In a busy environment--with computer whirring, charts with empty spaces, missed calls and texts, anticipation of several more appointments today--focusing on the task of eye-contact and evaluation of words as they are being actively spoken can seem next to impossible.  To combat this there is no computer in my treatment room, there is also no phone, and virtually no other distractions from the patient.  I don’t even write down much of what is said until after the interview is over, just quick notes to keep track.  Even with all these modifications, I still have to actively quiet my mind to avoid categorizing problems prematurely.  My scope is fairly small, and even so, a missed detail can be the difference between an effective intervention, and a null result.

More importantly, I don’t want to be another example in a long line of, “I saw so-and-so and he didn’t even listen to me.”  Most of my patients have these stories in common.  It is not unusual for a primary care physician to send a patient home having never touched them and barely talked to them, usually recommending large doses of ibuprofen or naproxen, if anything is recommended at all.  If they come back, they are sent to a physical therapist who doesn’t touch them or listen to them before sending them off to do painful exercises with an assistant who urges them to ignore the pain and stick with it.  When results from this are less than stellar, should anyone be surprised?

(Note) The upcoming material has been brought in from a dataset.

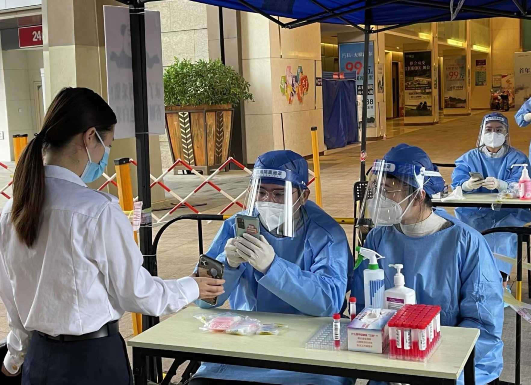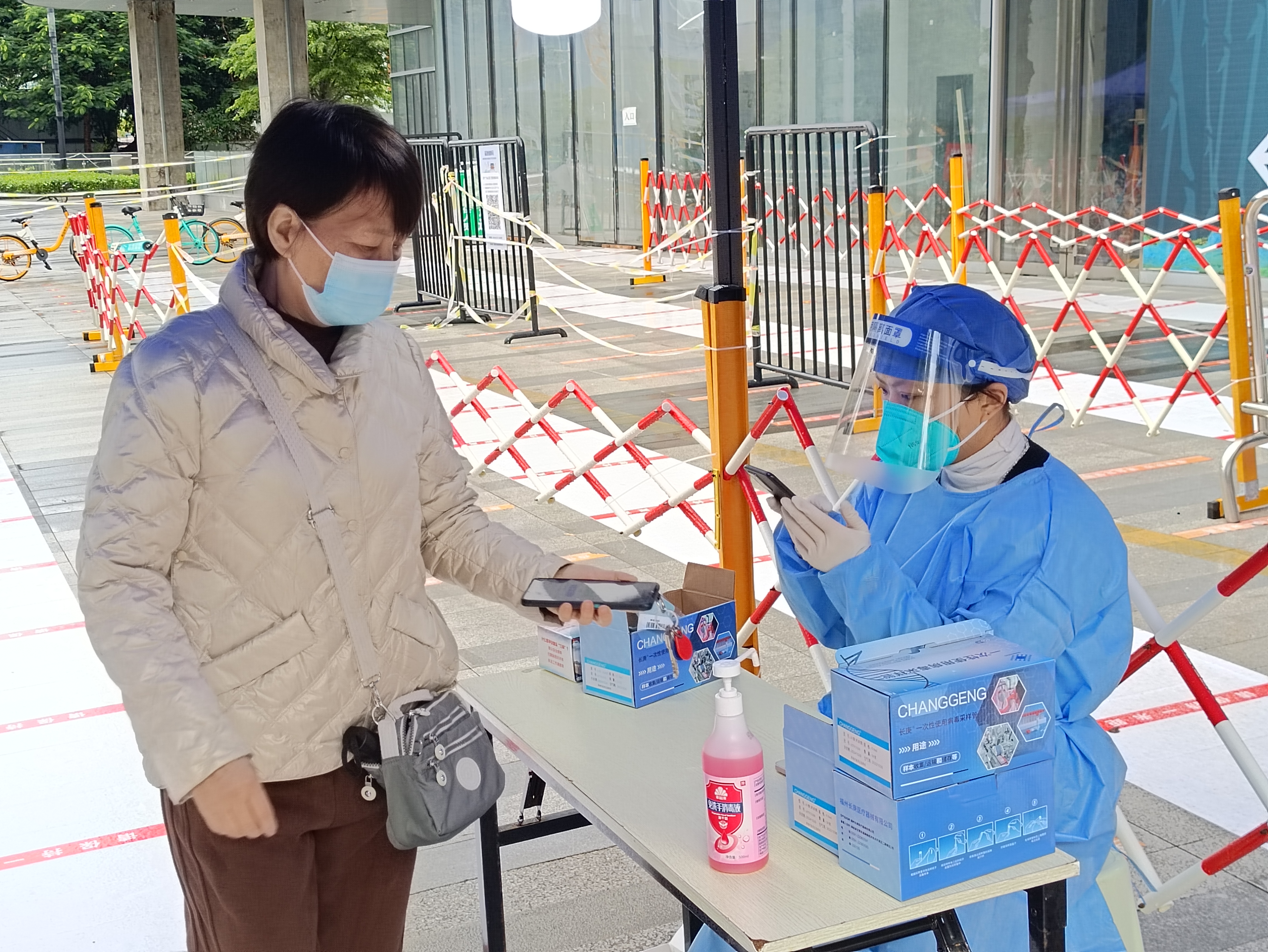 11月2日上午,國浩福州律師何桑、律師助理曾姿健在升龍環球中心附近核酸檢測點參加志愿服務。兩位律師負責健康碼登記信息采集,確保核酸檢測工作順利進行。

Anti-inflammatory medicine may have been the right call, the exercises may have been exactly the right ones, but the patient didn’t feel satisfied with encounter with his/her clinician, so compliance is minimal.  It is human nature to take the advice of someone we like or respect.  A 2010 Harvard Medical School study showed that about 20 percent of first-time prescriptions are never filled.  That number drops even lower when we look at advice given without a written script.  OTC medicines aren’t taken seriously and take home exercises, in my experience, are very rarely done properly. 

It is admittedly easier to get patients to stick to a massage regiment. Despite the expense, massage is pleasant, feels significant and specific when done properly, and gets quick short-term results. During that time, if I can convince them to dust off the PT’s orders, or follow the regiment their doctor recommended, the results only improve.